하지만 정말 이것이 맞는 정답인지는 잘 모르겠습니다.OTL....
참조
해럴드 애빌슨, 김재우 역, <컴퓨터 프로그램의 구조와 해석>, 인사이트, 2007, pp. 451
; stream
(define true (= 0 0))
(define false (= 1 0))
(define (cons-stream a b)
(cons a (delay b)))
(define the-empty-stream '())
(define stream-null? null?)
(define (stream-car stream) (car stream))
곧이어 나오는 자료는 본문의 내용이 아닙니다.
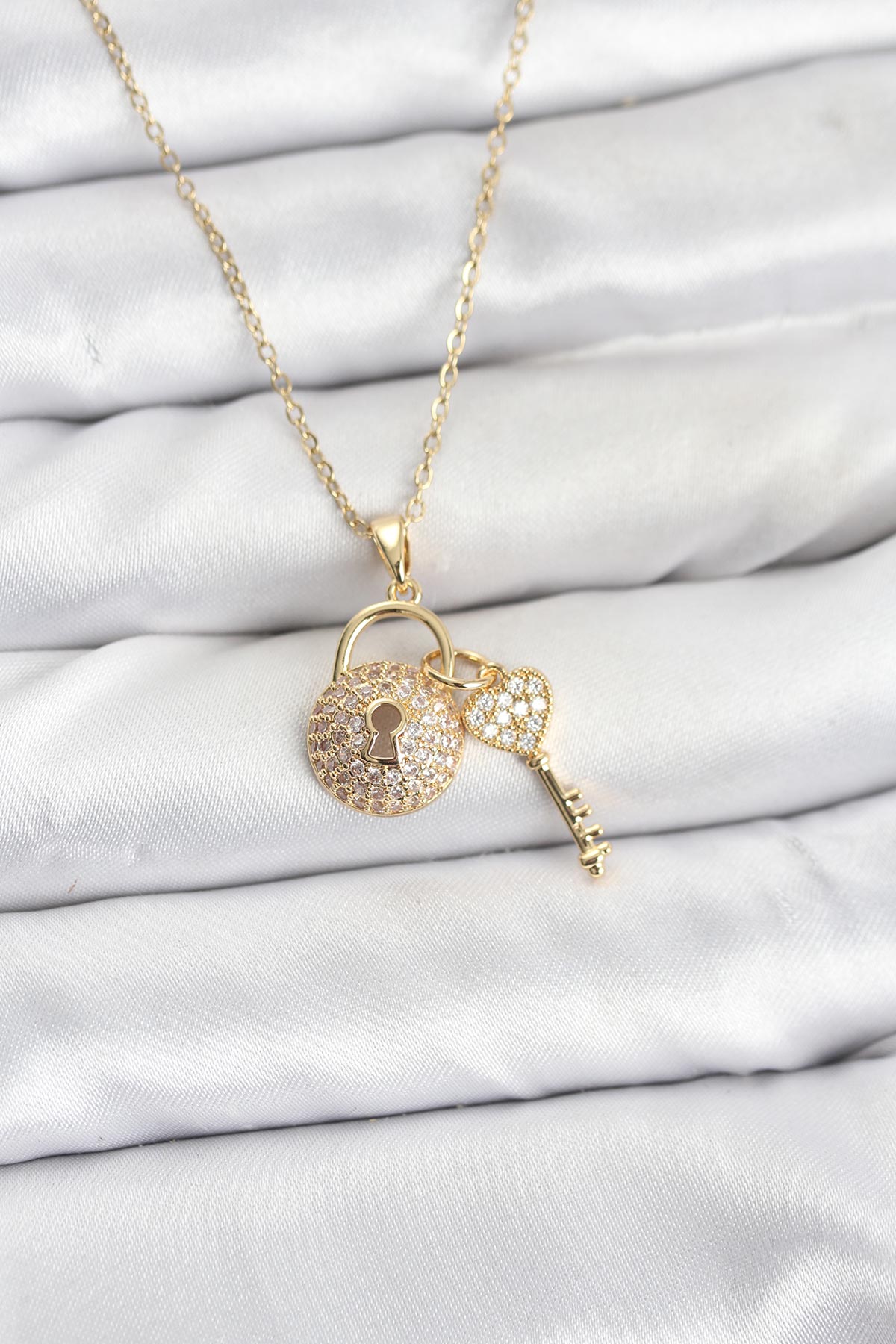 316L Çelik Zincir Gold Renk Kilit Anahtar Model Zirkon Taşlı Kadın Kolye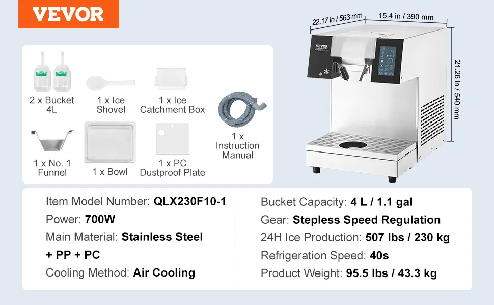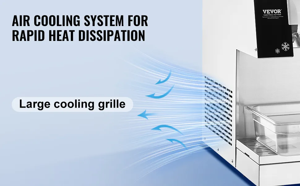 Ta chłodzona powietrzem kostkarka do lodu jest wyposażona w wydajny kompresor o mocy 700 W, który umożliwia szybkie schłodzenie w ciągu 40 sekund. Posiada dwa 4-litrowe kosze i może wyprodukować do 230 kg lodu dziennie.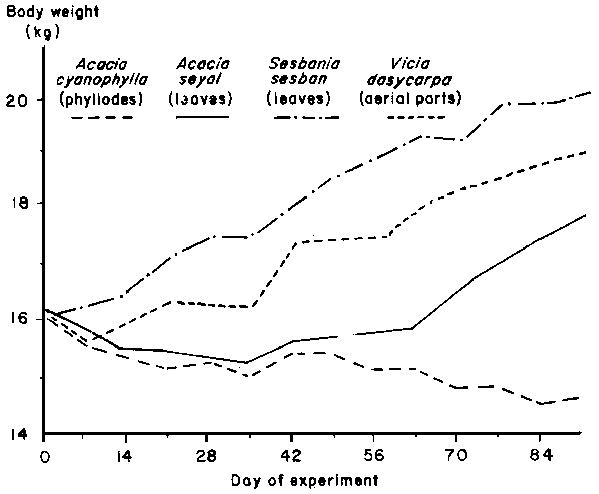 Nutritive values of forages of some Sesbania species are presented in Table 2. The range of CP in Table 2 is from 18.8% to 32.0% with a mean of 27.1%. The mean crude fibre content is low (13.0%) and the mean calcium to phosphorus ratio is high (3:8). It is therefore clear that Sesbania species have forages of very high quality. Results of Katiyar and Ranjham (1969), Chinnaswami et al. (1978) and Singh et al (1980) showed that digestibility coefficients of three Sesbania species were quite consistent when these were fed to sheep and goats (Table 3). DM and CP digestibility coefficients had means of 69.7 and 80.6 respectively. These results compare well with the DM digestibility coefficient of 74.3 that was reported on S. sesban from Maseno, Kenya by Sidahmed et al (1984). The high nutritive value of Sesbania forage was confirmed in a supplementation study at the International Livestock Centre for Africa (ILCA) in Ethiopia (Anon., 1986). In this study, teff (Eragrostis tef) straw was supplemented with leaf hays of three browse tree legumes - Acacia cyanophylla, A. seyal, S. sesban and Vicia dasycarpa on a sheep feeding trial. Sheep body growth rates showed that S. sesban hay was by far superior to all the other legumes: in fact sheep on A. cyanophylla supplementation lost condition (Figure 2a). Nitrogen balance in sheep showed that apart from cyanophylla, the other legumes were ranked for the amount of nitrogen retained as Vicia dasycarpa, Sesbania sesban and Acacia seyal (Figure 2b).

(define (stream-cdr stream) (force (cdr stream)))
; section 3.5
(define (stream-ref s n)
(if (= n 0)
(stream-car s)
(stream-ref (stream-cdr s) (- n 1))))
(define (stream-for-each proc s)
(if (stream-null? s)
'done
(begin (proc (stream-car s))
(stream-for-each proc (stream-cdr s)))))
(define (display-stream s)
(stream-for-each display-line s))
(define (display-line x)
(newline)
(display x))
(define (stream-enumerate-interval low high)
(if (> low high)
the-empty-stream
(cons-stream
low
(stream-enumerate-interval (+ low 1) high))))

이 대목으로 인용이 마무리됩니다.